7. Ainsi qu'il a été dit au point 4, une décision de la commune de Dumbéa est intervenue du fait du silence qu'elle a gardé sur les deux demandes de communication de documents administratifs formulées par MM. C...-D... et C.... Si ceux-ci soutiennent que la mesure sollicitée est nécessaire pour leur permettre de sauvegarder leurs droits, elle ne saurait être regardée comme permettant, par elle-même, de prévenir un péril grave. La demande qu'ils ont présentée sur le fondement de l'article L. 521-3 du code de justice administrative ne peut, par suite, qu'être rejetée.

8. Il y a lieu, dans les circonstances de l'espèce, de mettre à la charge de

MM. C...-D... et C... la somme de 3 000 euros à verser à la commune de Dumbéa au titre de l'article L. 761-1 du code de justice administrative. Ces dispositions font obstacle à ce qu'une somme soit mise à ce titre à la charge de la commune de Dumbéa, qui n'est pas, dans la présente instance, la partie perdante.

D E C I D E :

--------------

Article 1er : L'ordonnance du juge des référés du tribunal administratif de Nouvelle-Calédonie du 20 mai 2020 est annulée.

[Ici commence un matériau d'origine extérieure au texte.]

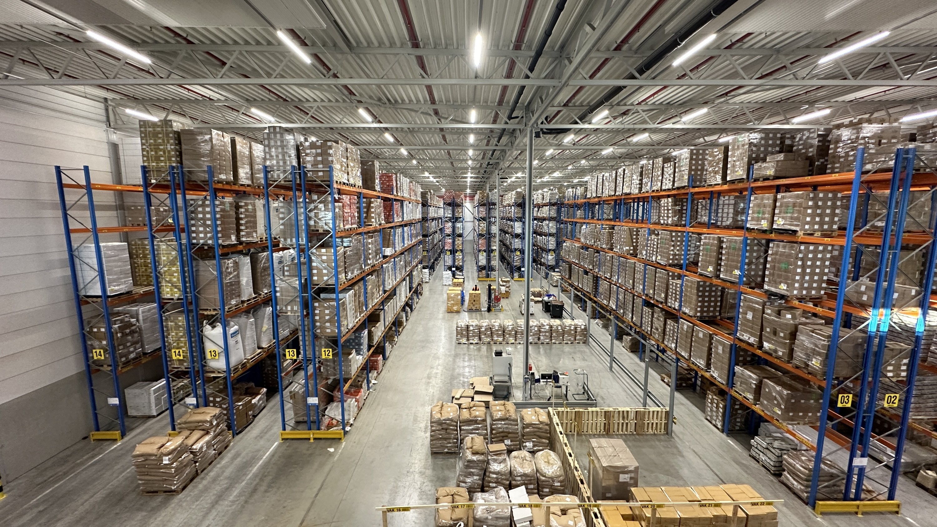 De thans aanwezige stellingen (smalle gangen, circa 5000 euro pallets), de aanwezige koelinstallatie en het camerasysteem worden door de huidige huurder ter overname aangeboden.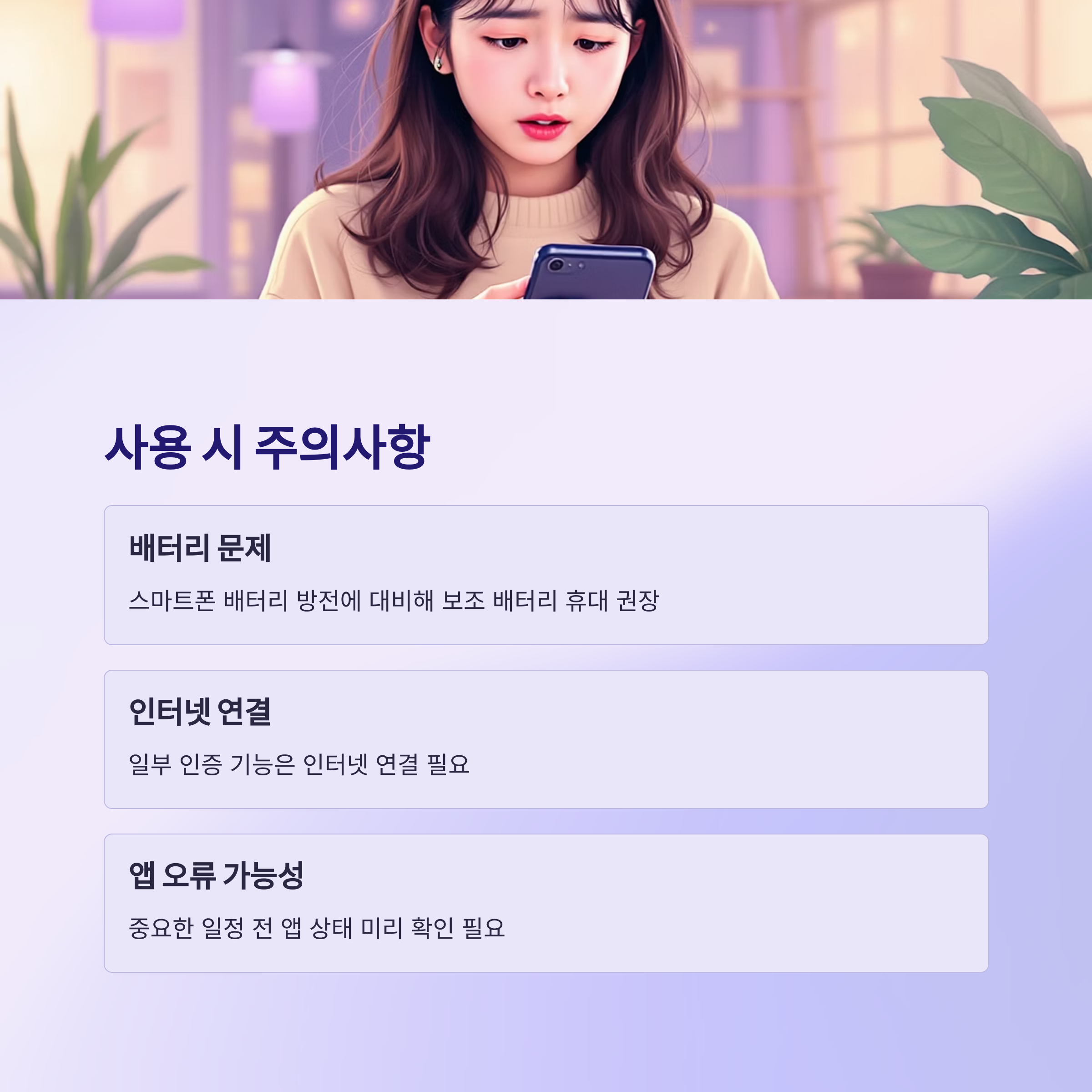 - 앱 오류 가능성: 중요한 일정 전에는 앱 상태를 미리 확인하세요.

Article 2 : La demande présentée par MM. C...-D... et C... devant le juge des référés du tribunal administratif de Nouvelle-Calédonie, ainsi que leurs conclusions présentées en cassation au titre de l'article L. 761-1 du code de justice administrative, sont rejetées.

Article 3 : MM. C...- D... et C... verseront à la commune de Dumbéa la somme de 3 000 euros au titre de l'article L. 761-1 du code de justice administrative.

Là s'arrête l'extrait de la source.